Symphonic Legends – Music from Nintendo
- Orchestra: WDR Rundfunkorchester Köln
- Choir: State Choir Latvija
- Conductor: Niklas Willén
- Composers: Jonne Valtonen, Koji Kondo, Hajime Hirasawa, Yumiko Kanki, Naoto Ishida, Kenji Yamamoto, Minako Hamano, David Wise, Hajime Wakai, Toru Minegishi
- Arrangers: Jonne Valtonen, Roger Wanamo, Masashi Hamauzu, Shiro Hamaguchi, Hayato Matsuo, Torsten Rasch
- Venue: Cologne (Germany), Cologne Philharmonic Hall
- Date(s): 23 September 2010
- Supporting acts: Benyamin Nuss, Rony Barrak
- Producer: Thomas Böcker (Merregnon Studios)

Böcker concert chronology
- Symphonic Fantasies (2009, 2012, 2016); Symphonic Legends (23 September 2010); Symphonic Odysseys (2011, 2017);

= Symphonic Legends – Music from Nintendo =

2010 symphonic concert of Nintendo video game music

Symphonic Legends – Music from Nintendo was a symphonic tribute concert held in Cologne, Germany on 23 September 2010 by the WDR Rundfunkorchester Köln, featuring video game music from Japanese game developer Nintendo. The concert featured symphonic arrangements found in some of Nintendo's biggest game series, such as Legend of Zelda, Super Mario Bros., Pikmin, F-Zero and Donkey Kong. The concert was produced and directed by Thomas Böcker, with arrangements provided by Finnish composers and musicians Jonne Valtonen and Roger Wanamo, as well as Japanese game music composers Masashi Hamauzu, Hayato Matsuo, Shiro Hamaguchi and German film composer Torsten Rasch.

Like the previous concerts performed by the WDR, Symphonic Legends was broadcast over radio, now in 5.1 surround sound, on the WDR4 station and was also broadcast online via live video streaming.

==Concert==

===Production===
After the continued success of Symphonic Fantasies, Merregnon Studios and the WDR ambitiously announced their plans to follow up and work together once again on a new concert. On 17 December 2009, it was announced that another concert would take place in 2010 on Symphonic Fantasies website. No theme was announced for the concert until March 2010, when Winfried Fechner announced that the theme would exclusively focus on the Japanese game developer Nintendo. Thomas Böcker further added soon thereafter that the concert was to take concept he had built the previous shows on even further, and experiment extensively to push the perception of video game music arrangement more than ever before.

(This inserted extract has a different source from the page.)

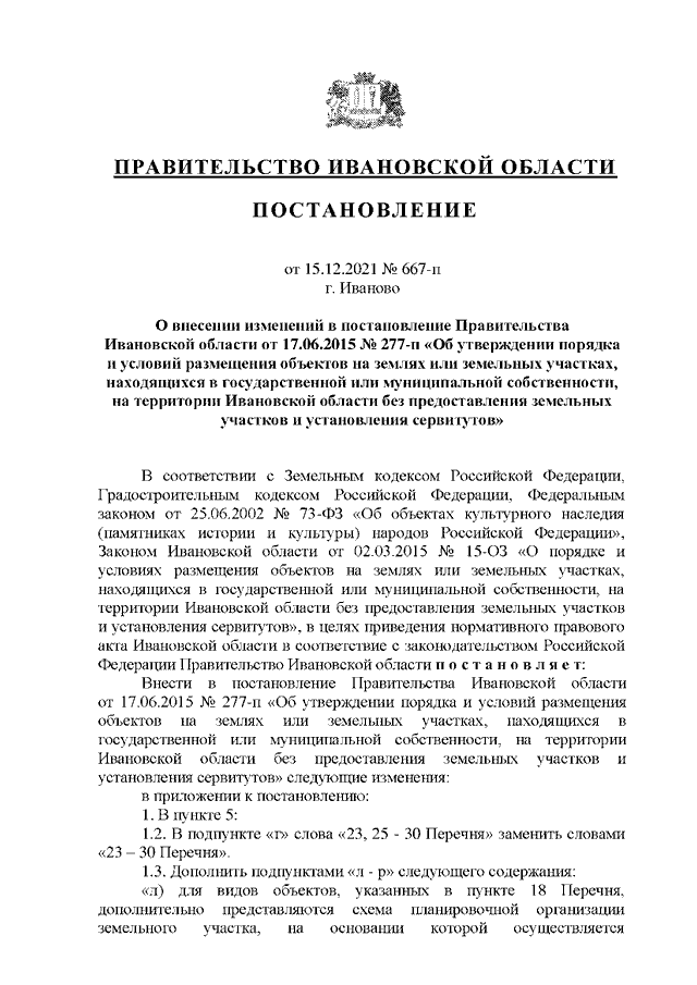Постановление Правительства Ивановской области от 15.12.2021 N 667-п "О внесении изменений в постановление Правительства Ивановской области от 17.06.2015 N 277-п "Об утверждении порядка и условий размещения объектов на землях или земельных участках, находящихся в государственной или муниципальной собственности, на территории Ивановской области без предоставления земельных участков и установления сервитутов"
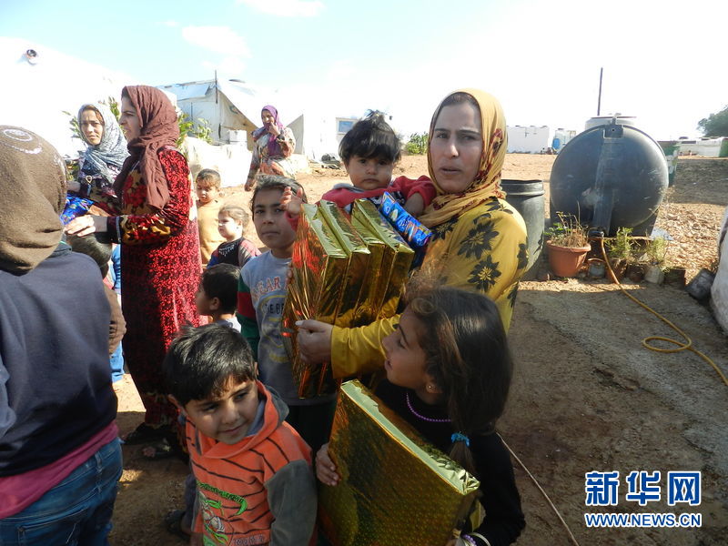 叙利亚难民儿童家长领取黎巴嫩慈善机构发给儿童的新年礼物。新华社发(塔希尔摄)

Symphonic Legends was said to present many innovations to orchestral video game performances due to this approach. Böcker requested that arrangers would need total freedom with their work, which Nintendo permitted. The concert was to be structured in a way that each game’s story was told, rather than just themes being performed and pieces placed in an order to maximize their impact. Thorsten Rasch was brought in to provide an arrangement for Super Metroid done in a dark, contemporary style as opposed to the more classically textured arrangement during past shows. Masashi Hamauzu commented that he had total freedom to arrange "Aquatic Ambiance" from Donkey Kong Country, and therefore could put all his skills into the arrangement.

Roger Wanamo, who assisted in the prior year’s concert Symphonic Fantasies, was given a more prominent role for Symphonic Legends, arranging the Super Mario Bros. (Retro Suite) and the Super Mario Galaxy "Galactic Suite". For the "Retro Suite", Wanamo remarked that the purpose was to properly represent the spirit of a Mario game, piecing together situations from the game in a meaningful way as it would appear in a Mario video game. For the "Galactic Suite", the game’s story was already more developed for him to take inspiration from, and so the themes could be transitioned together more effectively to tell a story of Mario’s galactic journey, jumping back and forth between small planets. Shiro Hamaguchi and Hayato Matsuo were chosen to make arrangements featuring a less experimental approach in order to balance out the concert program. Jonne Valtonen was commissioned to compose the original fanfare and as the sole arranger on Symphonic Poem, a 5 part, 35 minute symphonic movement based on the Zelda series.

Even before the set list and titles to be featured in the concert was announced, 60% of the tickets were already sold within the first few weeks of sale.

===Legend of Zelda - Symphonic Poem===
The Symphonic Poem of the Legend of Zelda music is told through melody in 5 movements, titled Hyrulian Child, Dark Lord, Princess of Destiny, Battlefield, and Hero of Time. The total running time for the arrangement is 35 minutes, and was presented as the entire second act of the Symphonic Legends and subsequent LEGENDS concerts. The concept was conceived by concert producer Thomas Böcker, and arranged by Jonne Valtonen. The Symphonic Poem is one of the longest orchestrated video game piece performed by an orchestra, and contains over 100,000 notes in total. The inspiration for the arrangement was the Symphonic Poem Ein Heldenleben by Richard Strauss and also music composed by Tchaikovsky. The Symphonic Poem of Legend of Zelda tells the story of Link’s journey from a spirited adolescent to the hero of time, telling the story of romance, darkness, war and hope throughout the poem, maturing the character of Link from a child to becoming a hero. The arrangement features lyrics sung in Latin, written by Thomas Böcker and Susanna Pölt.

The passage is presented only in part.